His hand trembled as he reached up to scratch his face. “Yes.”
“I need you to tell me anything you can remember—anything about these cash transactions while we watch the customers on the video.”
“I’ll try, but we have so many customers going through . . .”
“Anything you can tell us will help.”
“Okay.”
Mitch began cuing up the time frames on the video that matched the cash receipts. They watched the first match. An older woman, seventy, seventy-five, paid cash for her gas.
John nodded. “She paid her bill in quarters and pennies.”
“Doesn’t look nervous and certainly doesn’t fit any profile.” Just slow. “Next.”
John didn’t come up with anything until the fourth customer. “Wait. I remember him. He had his hat pulled low. Mumbled, seemed in a hurry. Nervous.”
The video feed was grainy. “Can you give a detailed description?”
“I don’t know.

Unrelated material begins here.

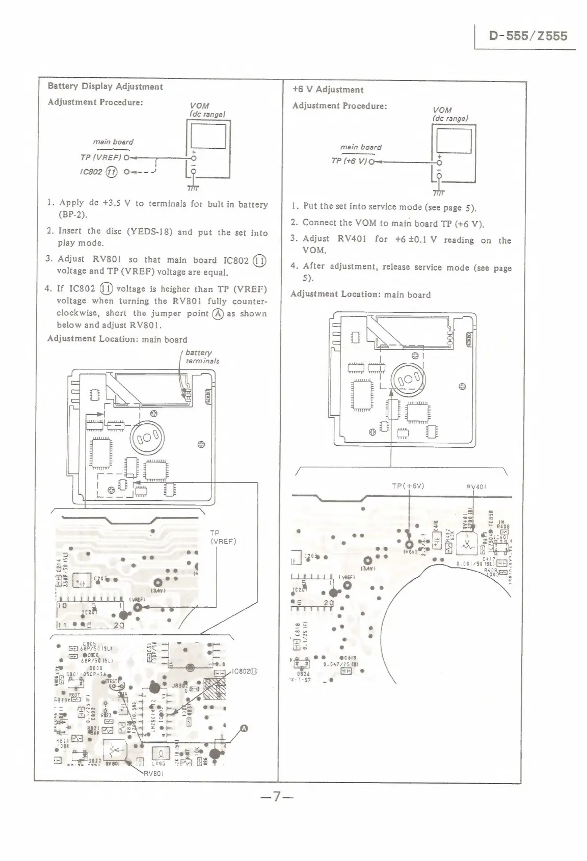 Sony D-555 - Battery Display Adjustment; +6 V Adjustment

Midfifties. Asian, I think.”
Avery’s mind started clicking. It had to be him. “You’re sure about that?”
John nodded his head. “Yeah . . . yeah, I’m sure.”
“Okay. Mitch, see if you can get a clear shot of his face, then find the corresponding video from outside so we can identify him getting into his car.”
Two minutes later, Mitch paused the tape again. “There isn’t a clear shot of his face inside the store, but take a look at this.”
Their suspect unlocked a dark sedan with tinted windows. “That’s him.”
Tory tapped on the screen. “The car matches the description Mrs. Chu gave about a vehicle she spotted in the neighborhood when she went out to look for Malaya.”
“Rewind the video thirty seconds, before he exits the store, and slow it down to half speed.” Avery held her breath while Mitch rewound the video. “There . . . there she is. Malaya exited the vehicle right before he returned from paying for his gas.”